A new study suggests that giving immunochemotherapy earlier in the day helps patients with an advanced type of lung cancer live longer.
Previous studies suggested that the body’s internal clock, the circadian rhythmmay influence the effectiveness of immune checkpoint inhibitors. These drugs help the immune system recognize and attack cancer cells by blocking tumors’ ability to turn off those immune responses.
Now, the new study, published December 8 in the journal Cancershows that the time of day a drug is given also affects extensive-stage small cell lung cancer (ES-SCLC), a fast-growing cancer that is generally associated with a poor prognosis and accounts for about 15% of new lung cancer cases.
This study is “very important,” he said. Dr. Francis Levimedical oncologist and founder of the Chronotherapy Group at the University of Warwickwho did not participate in the work. spreads previous research did it with the same team, which involved different types of lung cancer and different immune checkpoint inhibitors, but produced similar results.
“Early in the day of immune checkpoint inhibitors, as single agents or in combination with chemotherapy or antiangiogenics. [drugs that starve tumors of blood]significantly improves the efficacy of the treatment compared to later dosing times,” Lévi told LiveScience.
Other experts who were not involved in the study agreed that the results were impressive. In a joint statement, the oncologist Dr. Pasquale Innominato and circadian biologist Robert Dallmanboth from the University of Warwick, and oncologist Dr Seline Ismail-Sutton from Ysbyty Gwynedd Hospital in Wales, told LiveScience that they were “struck by the large effect of the time of day the immunotherapy is given on overall survival”, calling it “a very significant difference”.
Adjusting the timing of treatment “represents a simple, low-cost adjustment with the potential to deliver significant improvements in patient outcomes…without adding new medications or complex interventions,” they said.
Earlier treatment, longer survival
In the study, researchers from the Affiliated Cancer Hospital of Xiangya Medical College of Central South University in China analyzed data from nearly 400 patients with ES-SCLC, a cancer with a 14-month median survival rate. All patients received standard initial immunotherapy in combination with chemotherapy between May 2019 and October 2023.
The average treatment time of each patient’s day was calculated based on the first four cycles of therapy.
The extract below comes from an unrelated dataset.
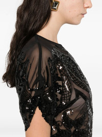sequin-embellished cap-sleeve midi dress Highlights - Black - Sequin embellishment - Cap sleeves - Mid-length - Round neck - Semi-sheer panels Imported Composition Polyester 94%, Elastane 6% SIZE & FIT Model measurements Height 5 ft 11 in(1.8 m) Bust/Chest 32.28 in(82 cm) Hips 36.22 in(92 cm) Waist 25.19 in(64 cm) Washing instructions Read Manufacturer Guidelines

The researchers then compared the survival outcomes of patients treated at different times of the day, between 11 a.m. and 4:30 p.m. They matched the patients to make sure that the main thing that differed between them was the timing of treatment, not baseline characteristics, such as age or sex.
3 in the afternoon marked a critical point. Patients who generally received treatment before 3 p.m. survived significantly longer without their cancer progressing. They also had longer overall survival over the next five years, compared to those treated later that day.
Even after accounting for other factors that could influence patient outcomes, this earlier treatment time remained a strong and independent predictor of better survival.
The study’s findings align with laboratory studies suggesting that killer T cells (immune cells that can directly kill cancer) tend to migrate to tumors in the morningsaying Dr. Chi Van Dangprofessor of cancer medicine at Johns Hopkins University, who was not involved in the study. Therefore, aligning immunotherapy with this migration may help it work better, he told LiveScience.
Personalized ‘chronotherapy’
The study’s large sample size was a strength, but the research has some caveats.
Lévi noted that the majority of patients were men, for example. The pronounced time effects did not appear to extend to women in the study, but this may be because there were few women included, the study authors wrote, so it is worth exploring in larger studies.
The study found that patients who received immunochemotherapy before 3 p.m. lived almost twice as long as those treated later in the afternoon. However, this picture is not entirely clear, said Lévi, because the study does not indicate the best cut-off time for care. “This creates uncertainty about the most appropriate cut-off time, which could actually be between 11:30 a.m. and 3:00 p.m.,” he said.
Furthermore, because the study looked at data from previous patients, stronger evidence will still need to be obtained from randomized clinical trials, in which different treatment times are explicitly tested and compared to each other. Most of the evidence for the benefits of early treatment “comes from retrospective studies,” Innominato and colleagues said, “only a prospective trial completed and additional trials now in development.”
Assuming the trials show positive results, there could still be logistical hurdles to overcome. “If treatment were limited to a single time period, such as the morning, clinical units could quickly become overwhelmed,” Innominato and his colleagues said.
It is important to note that the “optimal window” for treatment may not be universal among patients, they added. It may depend in part on the biological rhythms and lifestyle characteristics of each individual.
Chronotyping: categorizing people as “morning larks” or “night owls” — could “align therapy with each patient’s internal clock, taking into account individual variability and thus increasing effectiveness while relieving pressure on clinical units by distributing treatments throughout the day,” they suggested. “The challenge now is to develop rapid and reliable ways to identify chronotype and scale this approach, and specific studies are already underway.”
This article is for informational purposes only and is not intended to provide medical advice.